The role of γδ T cells in the regulation of neutrophil-mediated tissue damage after thermal injury

Thermal injury induces an inflammatory response that contributes to the development of secondary tissue damage. Neutrophil recruitment and activation are in part responsible for this tissue damage. Although gammadelta T cells have been shown to regulate the inflammatory responses in tissues that are prone to neutrophil-mediated injury post-burn, their role in the induction of secondary tissue injury post-burn remains unknown. To study this, gammadelta T cell-deficient (gammadelta TCR-/-) and wild-type (WT) mice were subjected to thermal injury or sham procedure, and tissue samples were isolated 1-24 h thereafter.
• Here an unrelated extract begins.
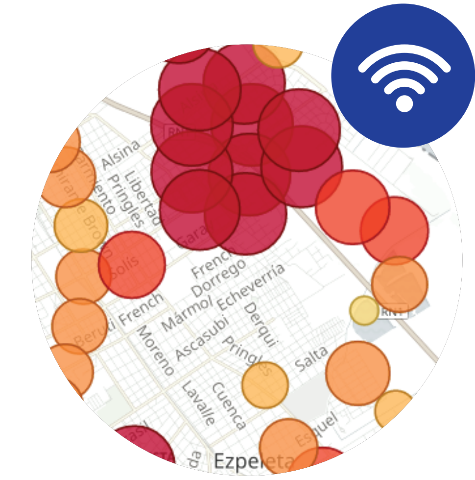
Calidad de Internet Quilmes

Burn injury induced neutrophil accumulation in the lung and small intestines of WT mice at 1-3 h post-injury. No such increase in neutrophil tissue content was observed in gammadelta TCR-/- mice. An increase in tissue wet/dry weight ratios was also observed in these organs at 3 h post-burn in WT but not in gammadelta TCR-/- mice. A parallel increase in plasma and small intestine levels of the chemokines macrophage-inflammatory protein-1beta (chemokine ligand 4) and keratinocyte-derived chemokine (CXC chemokine ligand 1) were observed in injured WT mice but not in injured gammadelta TCR-/- mice. Increased activation (CD120b expression) of the circulating gammadelta T cell population was also observed at 3 h post-burn in WT mice. These results indicate the gammadelta T cells, through the production of chemokines, play a central role in the initiation of neutrophil-mediated tissue damage post-burn.